Candidatos, palabras e imprecisiones

Por David Saúl Guakil

Hace poco más de una semana tuvimos oportunidad de ver a los aspirantes a la presidencia de nuestro país, en un debate bien organizado; con moderadores a la altura de las circunstancias y candidatos dispuestos a poner las cosas en claro en esa oportunidad de exponer sus ideas ante una multitud de televidentes -que luego las cifras situaron en 20 millones de personas si tomamos en cuenta televisión abierta y de cable, más Internet y sus redes sociales. Sin duda, uno de los eventos de mayor expectativa para los ciudadanos.

El resumen de lo visto -desde mi personal punto de vista-, es que el debate transitó entre gráficas exhibidas, propuestas, señalamientos y acusaciones, más alguna que otra descabellada amenaza, con corte de manos incluidas, contra aquellos que se atrevan a robar, si el que la propuso llegara a gobernar México.

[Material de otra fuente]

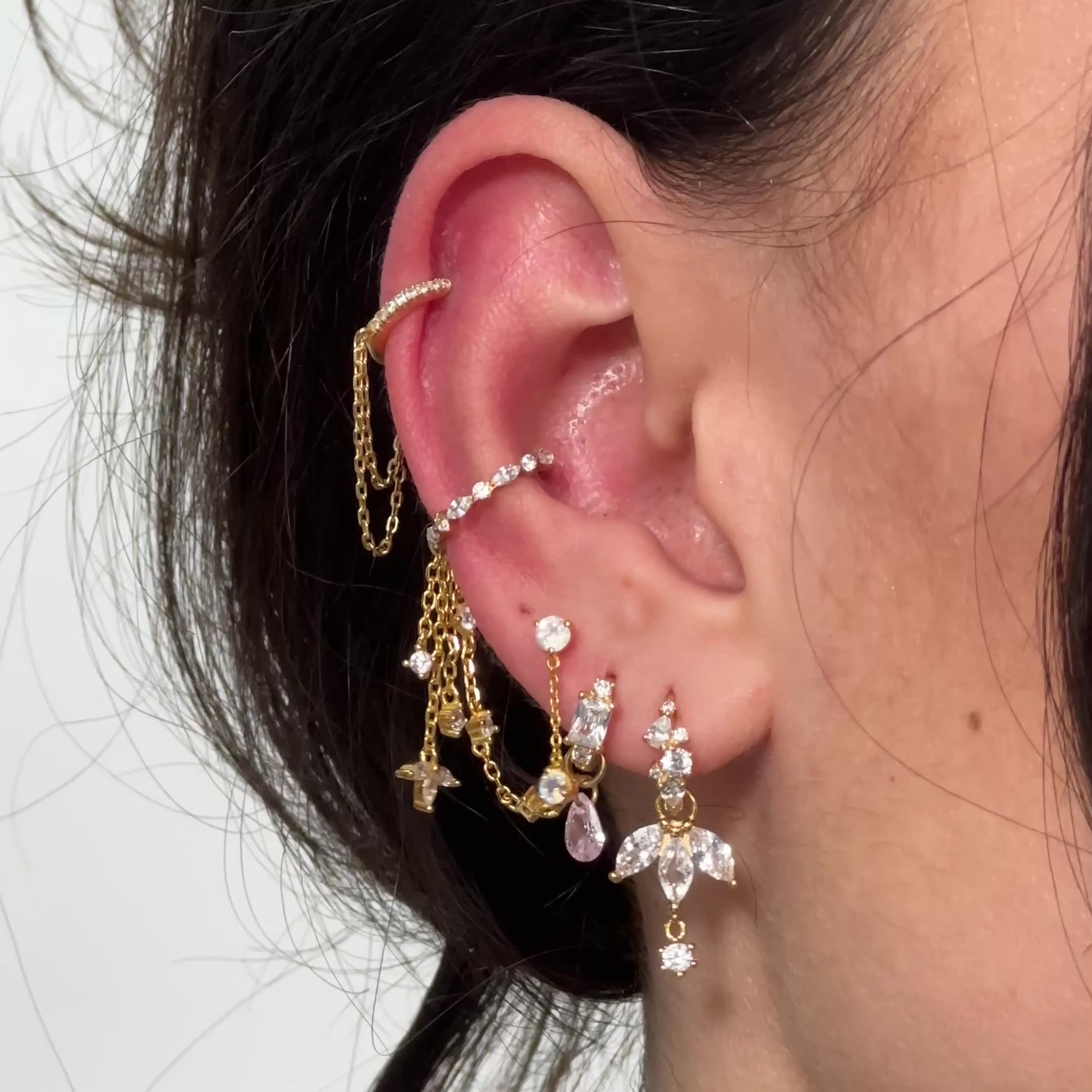 A pop of pink to make your ear stack shine, of course. Meet our playful new Teardrop Charm in Rose Quartz colour, a delicate and feminine adornment which can be added to your favourite huggie or cartilage hoop for an instantly elevated look.

Creo que nos sorprendieron algunas revelaciones en lo que a exposición se refiere, por ejemplo la buena conducción de Ricardo Anaya, que fue el más joven, por lo tanto el de menos experiencia y sin embargo se manejó con absoluta fluidez y buenas expresiones.

En la intervención del licenciado José Antonio Meade, aunque pulcra, se notó algo de tibieza en su denuncias y le faltaron remates más contundentes a la hora de las acusaciones, parecía mermado por los mismos cuestionamientos que se le hacen hoy al gobierno del partido al cual pertenece -el asesinato de los tres estudiantes de cine en Guadalajara, encendió otra vez la polémica en el tema de la inseguridad-, donde evidentemente la gente sigue culpando a los gobiernos en turno, incapaces de brindar seguridad y protección a sus habitantes, aún en este caso triste donde eran chicos que sólo estudiaban una carrera.

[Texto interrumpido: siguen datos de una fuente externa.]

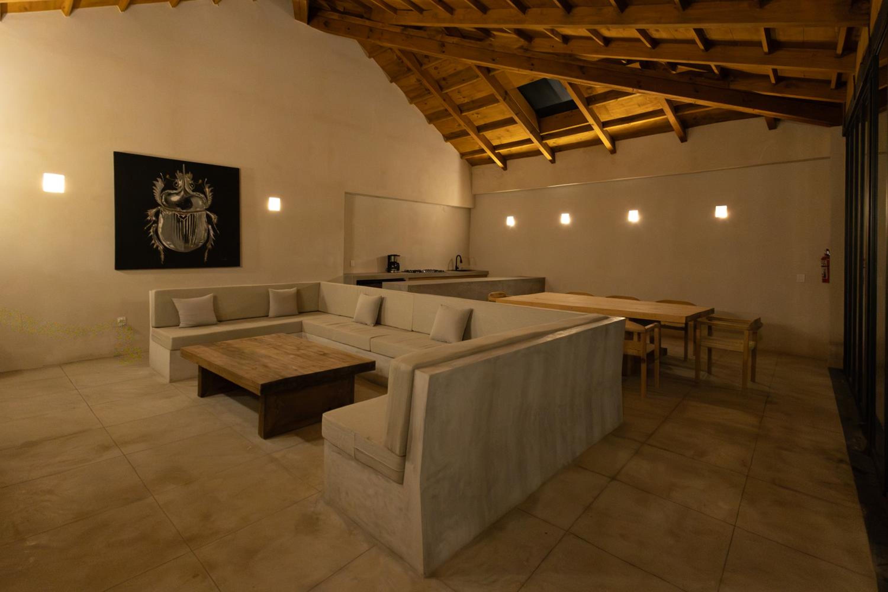 The place seems to be created for looks rather than use. A lot of the furniture was quite uncomfortable: The concrete couch and its odd massive pillow left little room to sit, the really high concrete table.. The fireplace is more of a gimmick than an actual working fireplace. Acoustics are quite bad so you have to be lucky with your neighbours.

La participación del que va primero en las encuestas y por “lógica de impulso” sería mayormente cuestionado, Andrés Manuel López Obrador, fue más parca y medida que lo esperado, porque no contestó -supongo que como parte de su estrategia-, preguntas que resultaban vitales tuvieran su respuesta, sólo amagó responder ante la insistencia desmedida del Bronco cuando lo cuestionó, como parte de su propio show. “Quedó a deber” el candidato de Morena, con su austera, repetitiva y poco convincente postura. El hecho de no haberse despedido de los otros participantes en el final, sobre todo considerando que ahí había una dama, reflejó su enojo, malestar o indiferencia, ¿qué habrá pasado por su cabeza?

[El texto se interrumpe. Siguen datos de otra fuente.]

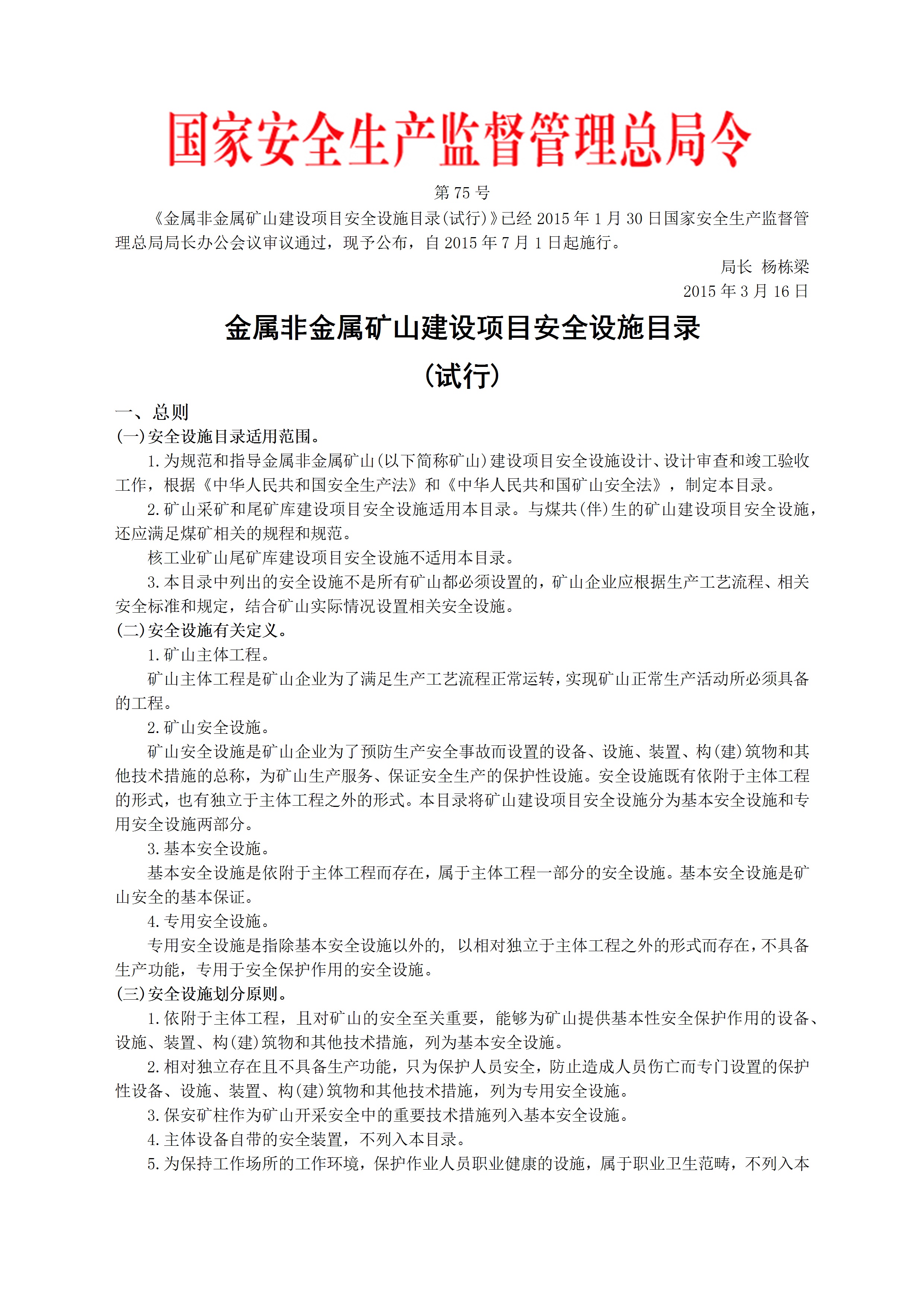 国家安监总局令2015第75号金属非金属矿山建设项目安全设施目录试行[文档]

El caso de los independientes merece comentario aparte. Margarita Zavala con un discurso de corte proteccionista: “yo lucharé por ustedes”, como aprendido de memoria, con claro perfil escolar, muy básico y endeble para todo lo que está en juego en nuestro país, con todo respeto, la sentí mal asesorada en temas tan álgidos como concretos que exige nuestra realidad actual. Dejo para el final a Jaime Rodríguez, el Bronco, que impactó pero de la peor manera, o sea, utilizando ejemplos que rayan en la violencia y números que nunca pudo comprobar fehacientemente. Sus palabras descontroladas y exigencias prepotentes  para con los otros participantes, lo metieron en un verdadero galimatías, propicio más como buen material para memes, que tomado en serio por la gente.

El próximo debate es en nuestra querida, transitada y vivida Tijuana, espero mayor nivel de competencia, tanto en propuestas como en exposiciones generales de los contendientes.